Heavier periods – worse cramps
Anxiety (not debilitating)
Positive people annoy me most of the time
Have to force myself to be cheerful – not sure I’m succeeding
Lack of interest in hobbies/activities I was previously passionate about
Indifference to the beauty around me
Mood swings
Don’t even know who I am or know how to get back to being the person I was
I’m not and have never been prone to outbursts – so, it’s especially difficult to go thru this holding everything in. My mother was one who ranted and raved and our family motto at the time was “if momma ain’t happy, ain’t nobody happy.” I’ve sworn not to carry on that torch. Making my entire family miserable would only make me feel worse, no gain there.

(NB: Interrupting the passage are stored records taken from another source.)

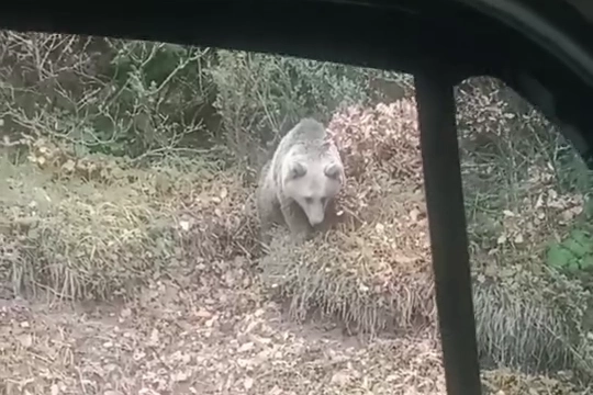 Merkeze bağlı Kuzörenemirler köyü yakınlarında araçlarıyla seyir halinde olan bir aile, yol kenarında bir bozayıyla karşılaştı. Aracı durduran aile, ayıya yiyecek vermek istedi. Aile fertlerinin ayıya yaklaşmaya çalıştığı ve heyecan yaşadığı anlar, cep telefonuyla görüntülendi. Görüntülerde; araçtaki kadının, ayıyı 'Gel koca oğlan gel' diye çağırdığı anlar yer aldı. (DHA)
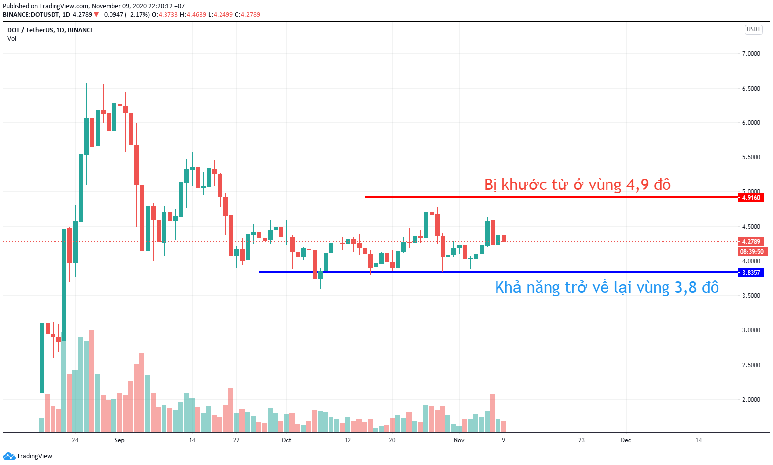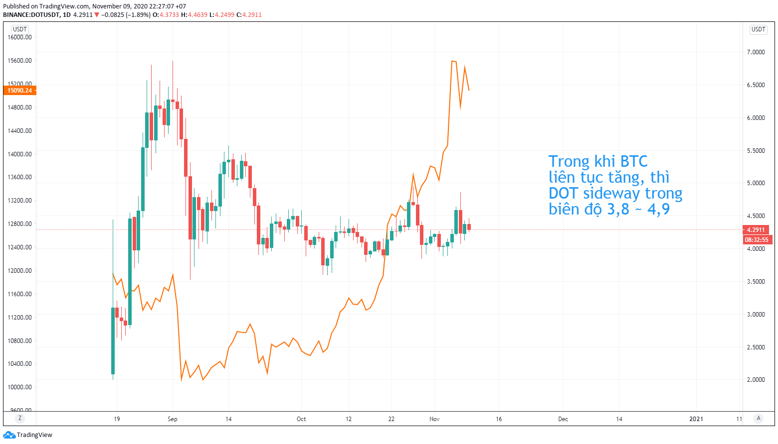 - Trong khi giá Bitcoin liên tục tăng từ giữa tháng 9 đến nay, thì DOT chỉ có thể suy giảm hoặc sideway trong biên độ 3,8 ~ 3,9.
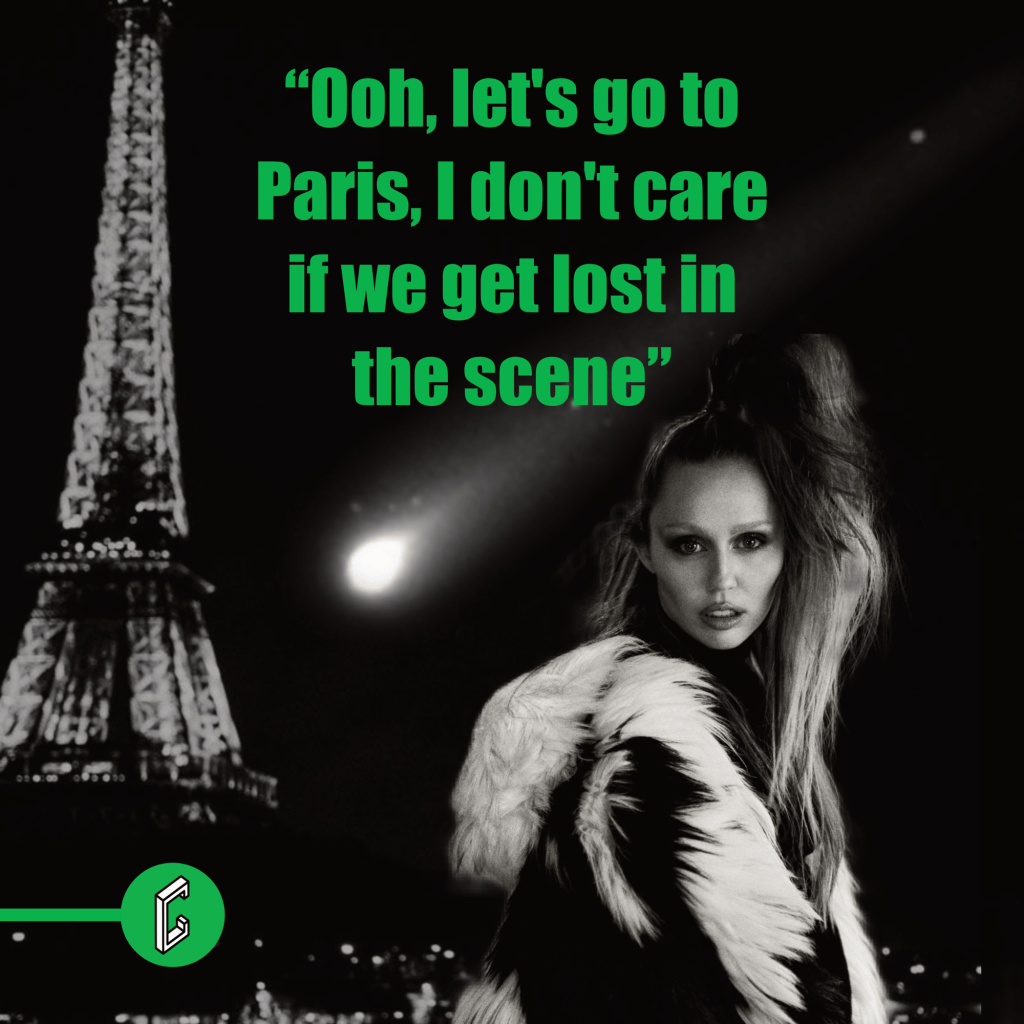 I love the simplicity of the music video, but given the song’s narrative, it’s hard not to imagine Miley releasing an alternative visual – a short film depicting this apocalyptic scenario. Picture Miley Cyrus as this California woman, in love with a handsome and strong partner, with scenes of them on the beach, under the covers, sharing intimate moments, alongside friends throwing a final party as the world literally ends around them. Imagine close-ups of Miley’s mesmerizing eyes reflecting the sky in flames. Then, cut to Miley in Paris, draped in a fur coat, sipping champagne, singing and dancing with the Eiffel Tower as a backdrop. I’d also include beautiful snippets of everyday people doing meaningful but simple (or very crazy) things… this song truly awakens my inner video producer-director-whatever-you-want-to-call-it!
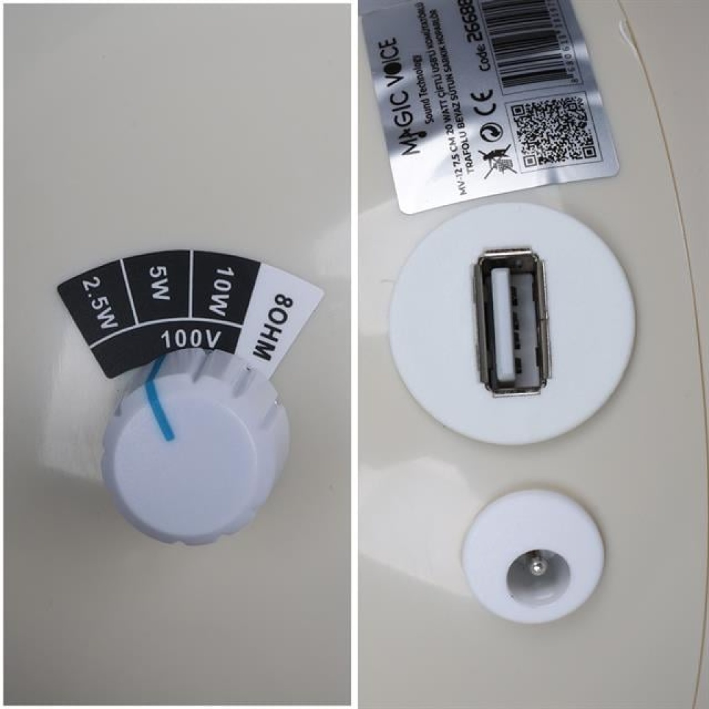 Öne Çıkan Avantaj: MagicVoice MV-12 seti, dört kademeli komütatör seçeneği sayesinde farklı mekan ihtiyaçlarına mükemmel uyum sağlar. Küresel tasarımı ve 140° hareket açısı ile geniş bir alana etkili ses yayılımı sunar. Kompakt boyutları sayesinde küçük alanlarda bile mükemmel bir çözüm sunar. 12V güç girişi ve USB şarj çıkışı ile acil durumlarda telefon şarj imkanı sunarak çift fonksiyonlu kullanım avantajı sağlar. Dekoratif tasarımı ile mekan estetiğini bozmadan profesyonel ses kalitesi sunar.
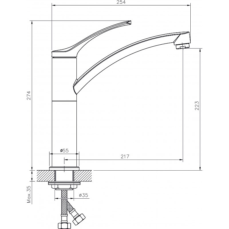Кухненски смесител Inter Ceramic с единична ръкохватка, подходящ за кухненски умивалник.

While I wouldn’t wish this time of life on anyone, it’s comforting to read the posts and know that at least I’m not alone. I work full-time outside our home and it’s really difficult to put on a positive front all day when I really want to just crawl into a corner and be alone. My two sons are grown (in their 20’s) and it’s just DH and I at home. My female relatives are all out of state. So, it’s a little difficult for me to find someone to vent to – the guys in my life wouldn’t understand and DH would just feel helpless that he can’t make things better.
This is silly I know – I would journal, but my fear is that my entries would all be negative and doom and gloom at this point and if anyone found my journal, they’d probably have me committed!!!
I do a pretty good job of putting on a happy face, but sometimes I’d just like to be all alone for a while.
There, that feels much better. Thanks for letting me vent!